The hit and run occurred after Maguire’s name came to light Thursday during a US Commodities Futures Trading Commission hearing on limiting gold and silver positions held by large market participants in order to prevent manipulation.
During the hearing, Maguire was identified as having sent e-mails to Bart Chilton, a CFTC commissioner, and Eliud Ramirez, head of the commission’s enforcement division, alleging that JPMorgan had used its massive metals positions to manipulate the commodities markets.
There is talk as recent as today that suggest the Justice Department is looking into this claim and JP Morgan specifically. The Financial Panner will report more on this as more information becomes available.
There are many different outcomes that can happen in the years to come. Regardless of the outcome, one thing is guaranteed – paper money, its creation by central banks, its value as a long term store of purchasing power, and the system as a whole will be questioned. Mainstream articles are already hinting at this:
Gold certainly has the strength and incentive to do what’s expected. Futures prices for the metal have gained around 5% in a month, and they’ve been making a gradual climb since early February toward the record front-month price of more than $1,226 an ounce seen in early December 2009.
“It’s obvious from recent events that gold has hit the big time, and is now considered equal, if not superior, to these and other major currencies,” Lundin said.
It’s “regained global recognition as a currency,” he said. And “given the problems facing Greece, Portugal and Spain, and the entire European Union, gold may have even supplanted the euro in trustworthiness.”
And with the euro losing its reputation, “gold is in the process of decoupling from currencies in general in fits and starts,” said Julian Phillips, an editor at GoldForecaster.com.
“Eventually, gold will be measured in local currencies by local investors with little reference to the U.S. dollar,” he said. “Currencies will then be measured against gold, reflecting falling confidence in the currency system itself.”

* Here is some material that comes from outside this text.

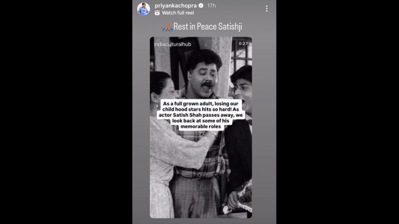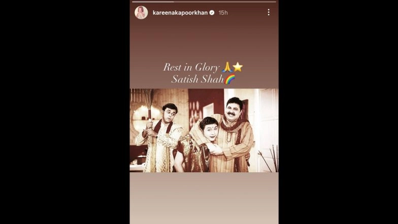 Taking to her Instagram stories, Priyanka Chopra Jonas re-shared a post by India Cultural Hub. She wrote, "Rest in Peace, Satishji." Kareena Kapoor Khan shared an old photograph of the late actor and wrote, "Rest in glory," honouring his lasting legacy.

That would be quite a feat.
This is why it is so imperative to own gold and silver – the former as insurance and the ultimate protection and the latter as a leverage and risk play with plenty of upside opportunity.
Highlights from “The International Forecaster” newsletter (5/1/10)
Published and Edited by: Bob Chapman
- America and the world face a financial conflagration of immense proportions. The world of fiat money and massive credit is buckling under the pressure of unpayable debt. Each day the safe haven of gold and silver related assets become more attractive. We ask where else do you go for safety? A conflagration is a fire out of control and that is exactly the conditions the world faces today. The inflationary depression has smoldered for 14 months and it will soon accelerate.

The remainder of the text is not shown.